HOOFDSTUK 1	MINISTERIE VAN BINNENLANDSE ZAKEN EN KONINKRIJKSRELATIES EN
MINISTERIE VAN JUSTITIE

ARTIKEL I

	Aan artikel 9:11 van de Algemene wet bestuursrecht wordt een derde lid
toegevoegd, luidende:

	3. Verder uitstel is mogelijk voor zover de klager daarmee schriftelijk
instemt.

HOOFDSTUK 2	MINISTERIE VAN ECONOMISCHE ZAKEN

ARTIKEL II

	In artikel 18h, achtste lid, van de Gaswet wordt “binnen vier
maanden” vervangen door: binnen zes maanden.

HOOFDSTUK 3	MINISTERIE VAN LANDBOUW, NATUUR EN VOEDSELKWALITEIT

ARTIKEL III

	Onder vervanging van de punt aan het slot van artikel 76, tweede lid,
onderdeel f, van de Flora- en faunawet door een puntkomma, wordt een
onderdeel toegevoegd, luidende:

	g. de termijn waarbinnen een vergunning of ontheffing wordt verleend.

ARTIKEL IV

	De Natuurbeschermingswet 1998 wordt als volgt gewijzigd:

A

	In artikel 33, eerste lid, vervalt de zinsnede “binnen twee weken na
de dag waarop het verzoek om schadevergoeding is ingediend,”.

B

	In artikel 35, vervalt de zinsnede “binnen dertien weken na de dag
waarop het verzoek om schadevergoeding is ingediend,”.

C

	Artikel 38 komt te luiden:

Artikel 38

	1. Het bestuursorgaan beslist binnen acht weken of, indien een
schadebeoordelingscommissie als bedoeld in artikel 32, eerste lid, is
ingeschakeld, binnen zesentwintig weken na de ontvangst van het verzoek
om schadevergoeding.

	2. Het bestuursorgaan kan de beslissing eenmaal voor ten hoogste acht
weken of, indien een schadebeoordelingscommissie als bedoeld in artikel
32, eerste lid, is ingeschakeld, zesentwintig weken verdagen. Van de
verdaging wordt schriftelijk mededeling gedaan.

ARTIKEL V

	Artikel 2, tweede lid, van de Natuurschoonwet 1928 komt te luiden:

	2. Bij of krachtens algemene maatregel van bestuur worden regels
gesteld met betrekking tot:

	a. de wijze van indiening van een verzoek als bedoeld in het eerste lid
en de besluitvorming daarover, en

	b. de omstandigheden waaronder een verzoek uitsluitend kan worden
ingediend in samenhang met eenzelfde verzoek dat door de eigenaar van
een aangrenzende onroerende zaak wordt ingediend.

ARTIKEL VI

	Artikel 3, zevende lid, van de Wet op de dierenbescherming komt te
luiden:

	7. Bij of krachtens algemene maatregel van bestuur kunnen regels worden
gesteld omtrent het indienen van een aanvraag tot verlening of wijziging
van een vergunning en omtrent de behandeling daarvan.

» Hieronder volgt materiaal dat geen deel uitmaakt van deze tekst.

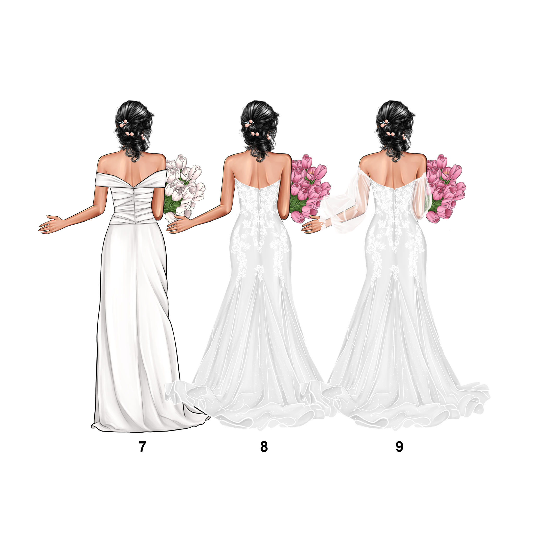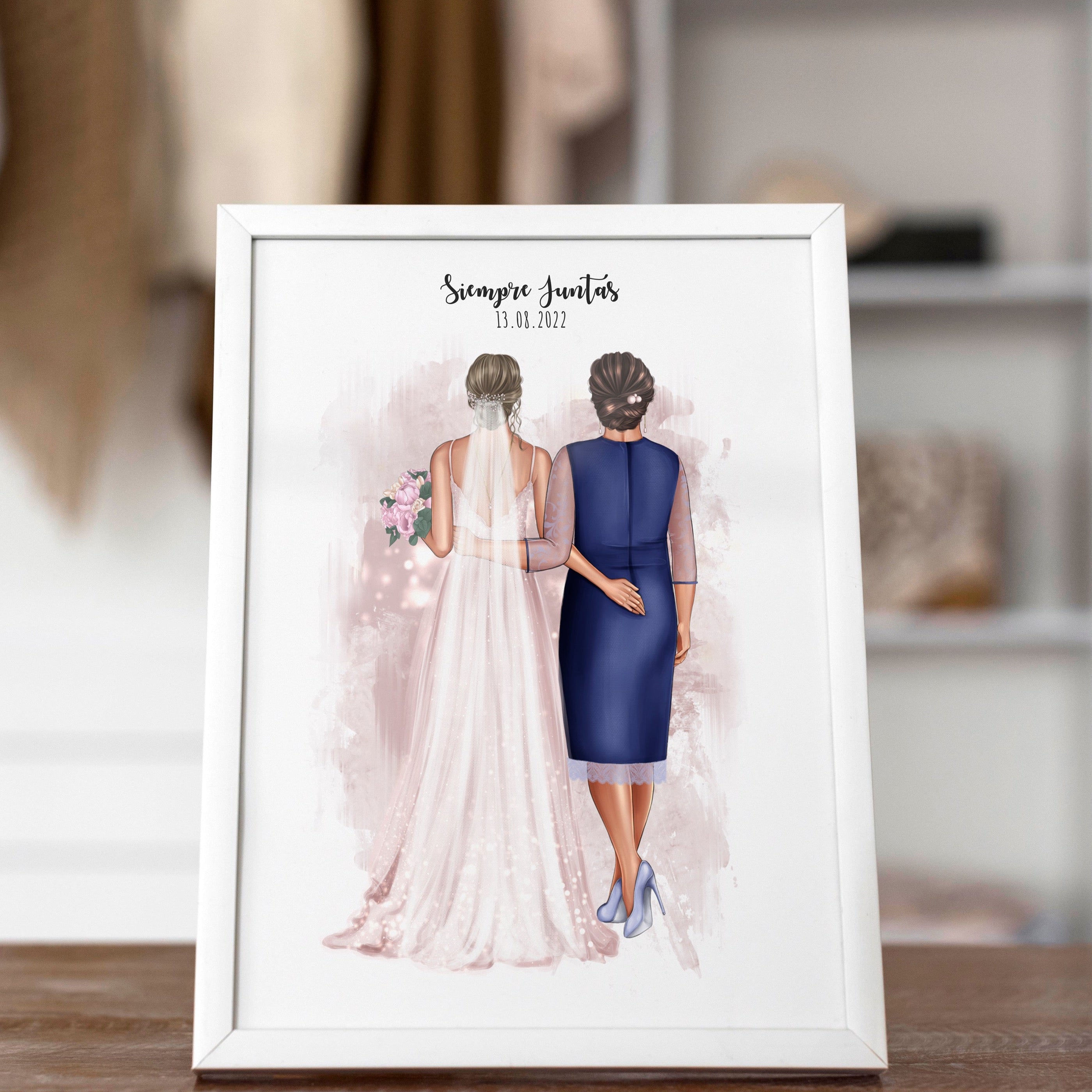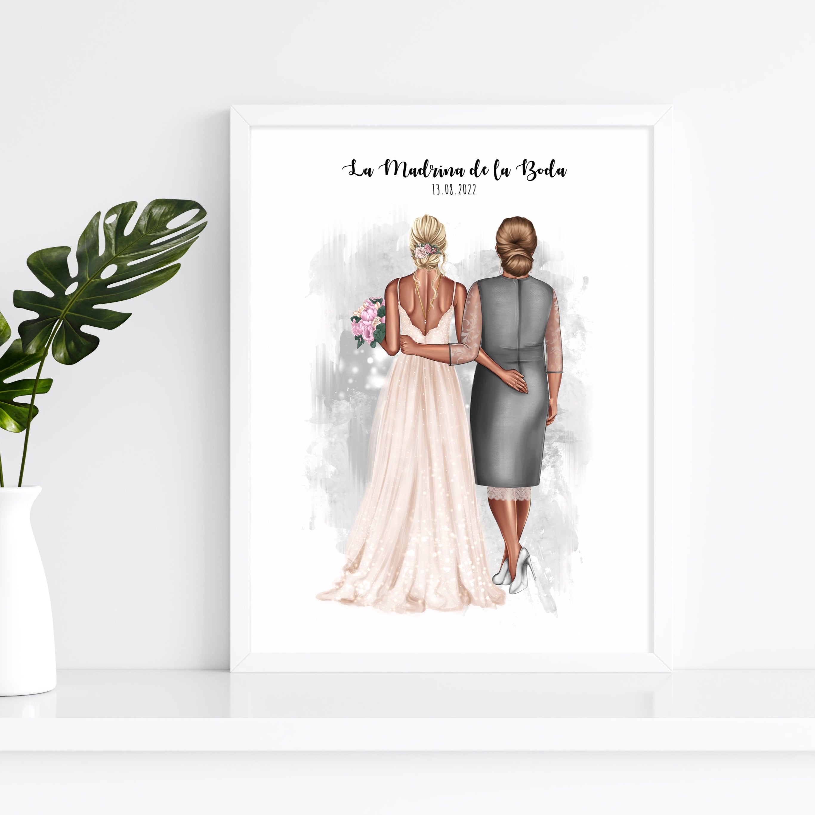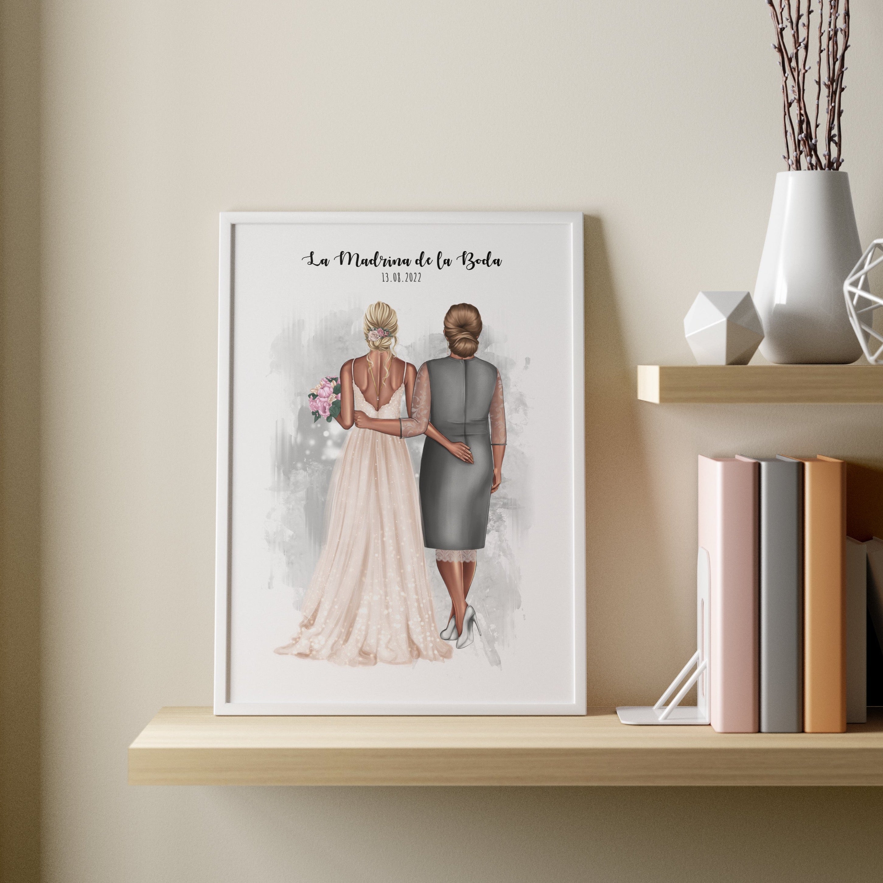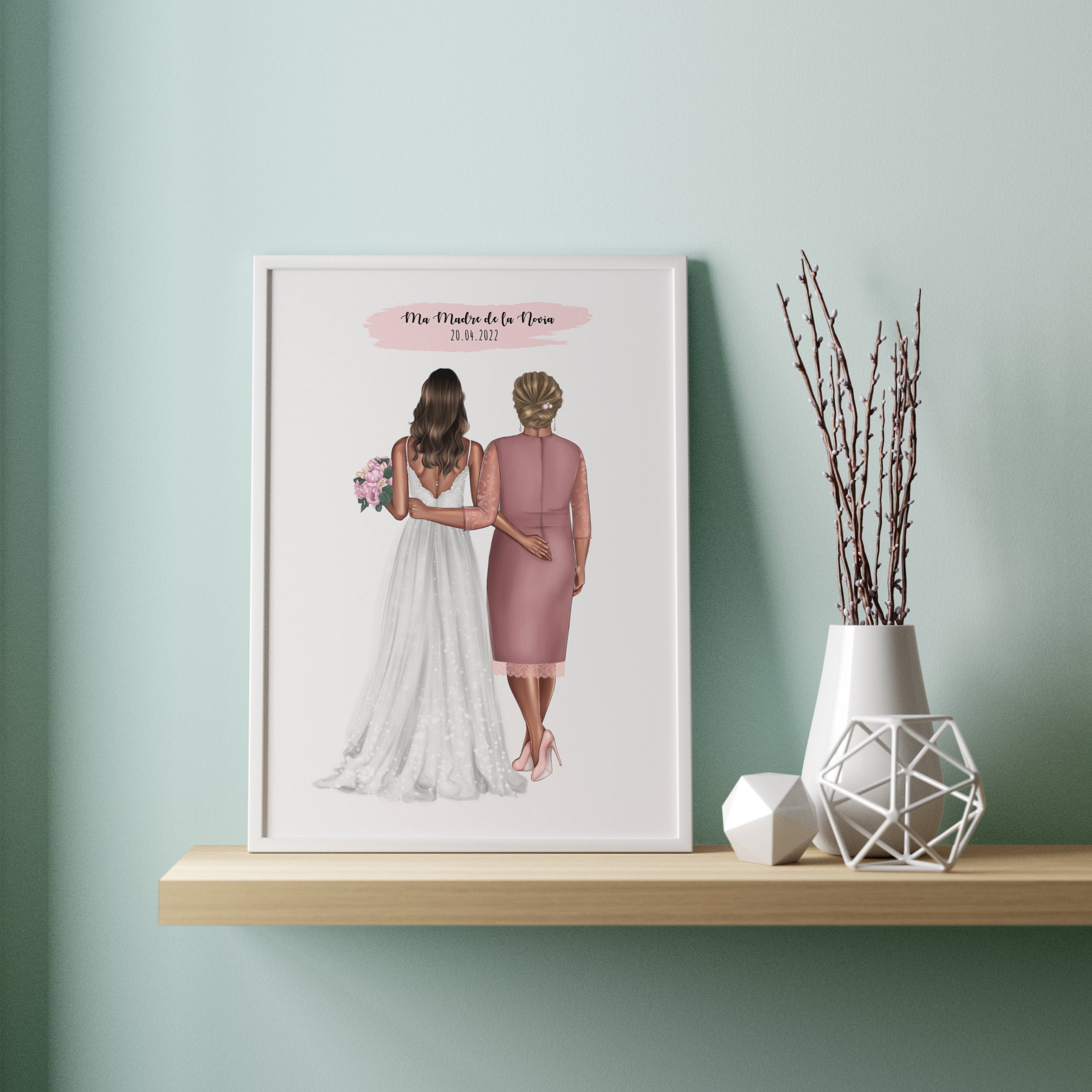 Fully personalised wedding print. The best gift for the Bride's or Groom's mother, or to any special woman in your life. The personalisations are selected on the different sections, and you can check the hairstyles in the photo gallery. We can discuss everything via email: info@saradebono.com

HOOFDSTUK 4	MINISTERIE VAN SOCIALE ZAKEN EN WERKGELEGENHEID

ARTIKEL VII

	De Wet arbeidsongeschiktheidsvoorziening jonggehandicapten wordt als
volgt gewijzigd:

	Artikel 69 wordt als volgt gewijzigd:

	1. Onder vernummering van het vijfde tot vierde lid, vervalt het vierde
lid.

	2. Na het vierde lid (nieuw) wordt een lid toegevoegd, luidende:

	5. In afwijking van de in het tweede tot en met vierde lid genoemde
termijn van acht weken, geldt tot en met 31 december 2011, of tot een
eerder, bij koninklijk besluit te bepalen, tijdstip, een termijn van
veertien weken.

ARTIKEL VIII

	Na artikel 7 van de Wet op het algemeen verbindend en het onverbindend
verklaren van bepalingen van collectieve arbeidsovereenkomsten, wordt
een artikel ingevoegd, luidende:

Artikel 7a

	1. Indien een verzoek is gedaan aan Onze Minister om een uitzondering
te maken op de algemeen verbindend verklaarde bepalingen van een
collectieve arbeidsovereenkomst, beslist Onze Minister op dit verzoek
niet eerder dan op het moment dat die bepalingen van de collectieve
arbeidsovereenkomst algemeen verbindend zijn verklaard.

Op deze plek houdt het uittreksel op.